Politikus yang juga mantan Ketua DPD KNPI NTB itu menilai kasus ini sangat serius dan berpotensi merugikan banyak pihak. Ia menekankan bahwa jika kejadian tersebut dialami lebih dari satu konsumen, sangat mungkin ada banyak korban lain yang belum menyadari kerugiannya.

“Kalau satu dua orang saja sudah bisa sampai ratusan ribu rupiah, bayangkan kalau ini terjadi ke puluhan atau ratusan pengguna jasa lainnya. Ini sangat berbahaya. Saya tegaskan, ini masuk ranah kriminal dan harus dilaporkan ke aparat penegak hukum (APH),” ujarnya.

Hamdan mendesak agar kontrak dengan pihak ketiga pengelola parkir dievaluasi secara menyeluruh. Ia bahkan menyarankan agar pengelolaan parkir diserahkan kepada pelaku usaha lokal yang dinilai lebih transparan dan bertanggung jawab.

“Kalau sudah terbukti seperti ini, terang benderang. Jangan dipertahankan lagi. Ganti saja dengan pengusaha lokal kalau bisa. Kita juga harus beri ruang bagi pengusaha daerah yang jelas-jelas bisa lebih dikontrol,” tandasnya.

Ia juga mengimbau masyarakat yang pernah mengalami kejadian serupa untuk tidak ragu melapor.

“Silakan laporkan ke Ombudsman, ke polisi. Jangan diam. Kalau tidak ditindak hari ini, bisa jadi setiap hari ada korban baru yang dirugikan. Ini harus segera dihentikan.”

Kasus ini mencuat setelah Ahmad Yani, warga Lombok Barat, membagikan pengalamannya yang harus membayar tarif parkir sebesar Rp360 ribu meski hanya memarkir kendaraan kurang dari satu jam di Bandara Lombok.

Peristiwa tersebut terjadi pada Jumat malam (28/6), saat Yani menjemput keluarganya di area kedatangan. Ia menggunakan sistem pembayaran digital QRIS dan terkejut ketika tagihan yang muncul mencapai Rp360 ribu.

“Harusnya cuma Rp7.500. Tapi pas bayar, muncul angka Rp360 ribu. Petugas parkir juga bingung dan bilang itu karena sistem. Saya tanya apakah uangnya bisa dikembalikan, katanya harus buat laporan dulu,” kata Yani.

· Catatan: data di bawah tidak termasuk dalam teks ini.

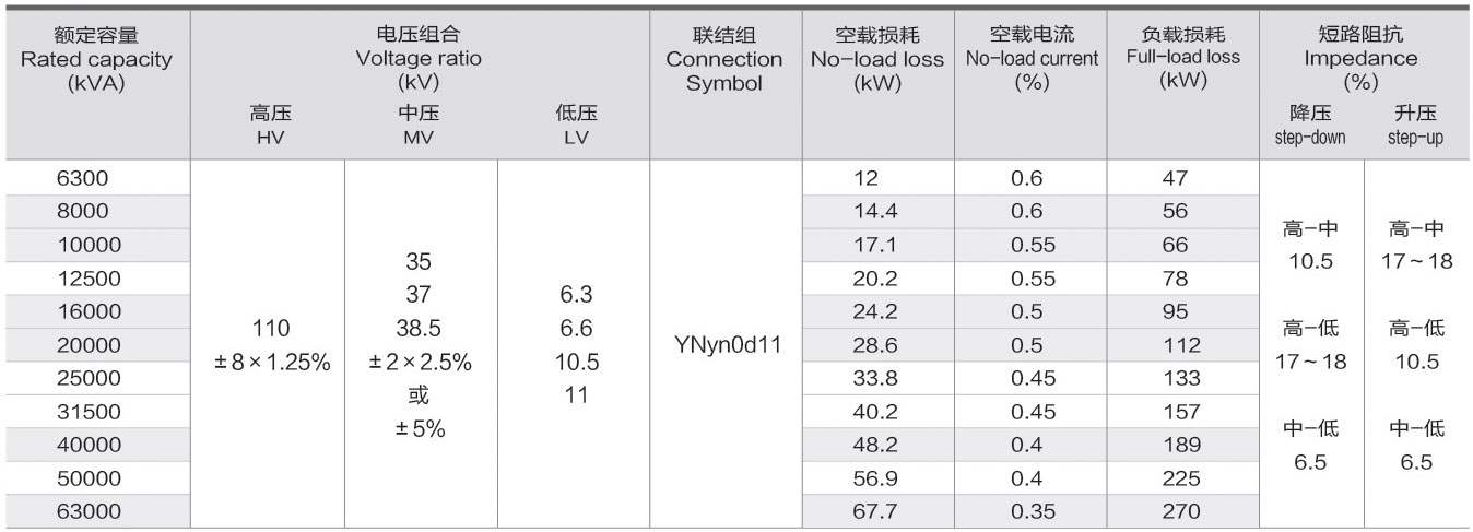 110kV電力變壓器鐵芯采用優(yōu)質(zhì)硅鋼片,多級階梯積而成。具有低損耗、低噪聲、抗短路能力強(qiáng)等特點(diǎn)。已廣泛應(yīng)用于各變電所、發(fā)電廠,受到用戶的一致好評。SZ11-63000/110變壓器通過國家全套型式試驗(yàn)及突發(fā)短路試驗(yàn),SZ11-31500/110變壓器通過國際著名電器實(shí)驗(yàn)室荷蘭KEMA認(rèn)證,并通過國家機(jī)械部、電力部的聯(lián)合新產(chǎn)品鑒定。 110kV雙繞組無勵(lì)磁調(diào)壓電力變壓器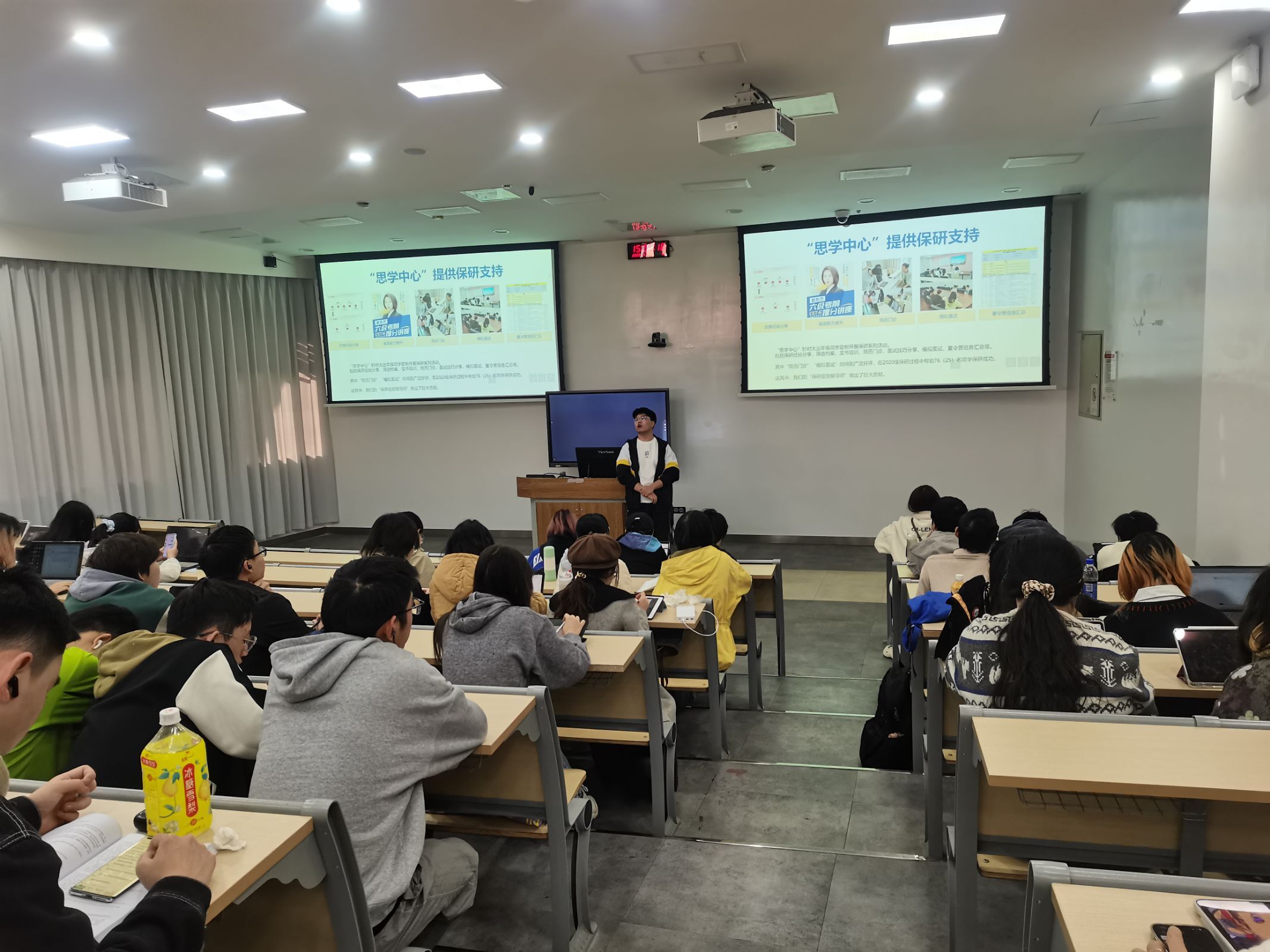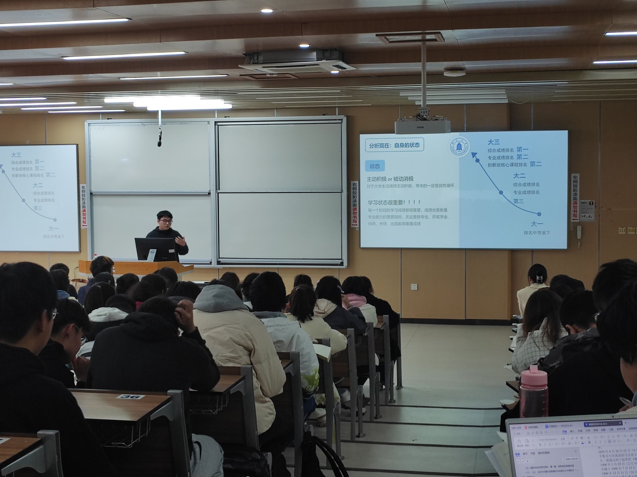 为进一步营造良好班风学风,更好帮助学生进行学业规划和职业生涯规划,2023年11月17日下午,9428cn太阳集团古天乐思学中心针对各年级学生的思想、学习特点分别在江安和望江校区开展职业生涯规划分享会。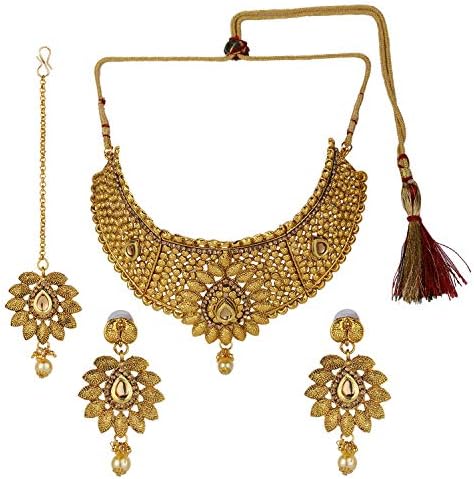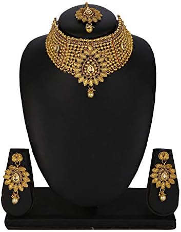 Efulgenz Indian Bollywood Traditional 14 K Gold Plated Kundan Pearl Wedding Choker Necklace Earrings Maangtikka Jewelry Set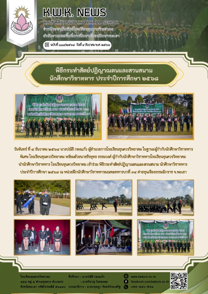 วันจันทร์ ที่ ๘ ธันวาคม ๒๕๖๘ นางปณิธี กองแก้ว ผู้อำนวยการโรงเรียนขุนควรวิทยาคม ในฐานะผู้กำกับนักศึกษาวิชาทหารพิเศษ โรงเรียนขุนควรวิทยาคม พร้อมด้วยนายธีรยุทธ ธรรมวงค์ ผู้กำกับนักศึกษาวิชาทหารโรงเรียนขุนควรวิทยาคม นำนักศึกษาวิชาทหาร โรงเรียนขุนควรวิทยาคม เข้าร่วม พิธีกระทำสัตย์ปฏิญาณตนและสวนสนาม นักศึกษาวิชาทหาร ประจำปีการศึกษา ๒๕๖๘ ณ หน่วยฝึกนักศึกษาวิชาทหารมณฑลทหารบกที่ ๓๔ ค่ายขุนเจืองธรรมมิกราช จังหวัดพะเยา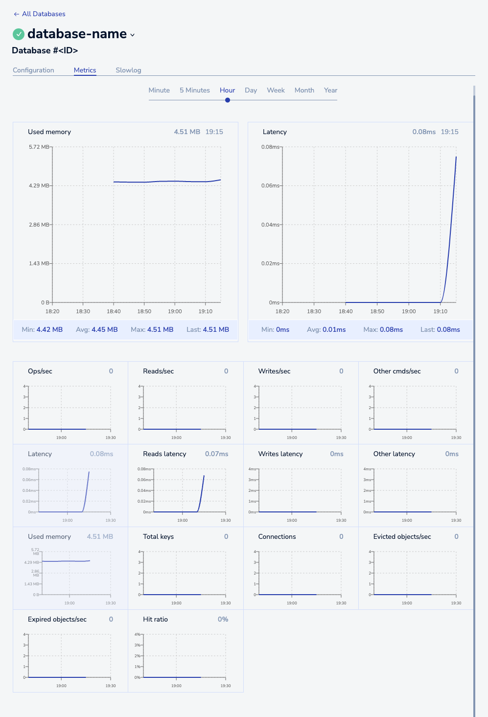 Redis Cloud provides a variety of metrics to help you monitor database performance. You can view graphs of performance data at any time and receive emails when performance crosses defined thresholds.

Yang membuat kasus ini makin janggal, transaksi QRIS tersebut tercatat atas nama merchant “Parkee” dengan alamat terdaftar di Jakarta Barat, bukan di Lombok maupun atas nama entitas resmi pengelola parkir bandara.

Insiden serupa juga pernah dialami Narsuddin, warga lainnya, yang mengaku harus membayar tarif parkir hingga ratusan ribu rupiah meski hanya sebentar berada di bandara.

Fenomena ini menimbulkan keresahan di masyarakat, terutama karena sistem pembayaran digital seharusnya menjamin transparansi dan kenyamanan, bukan menjadi jebakan yang merugikan konsumen. Publik kini menanti langkah tegas dari pihak manajemen Bandara Lombok dan aparat penegak hukum untuk mengusut kasus ini hingga tuntas.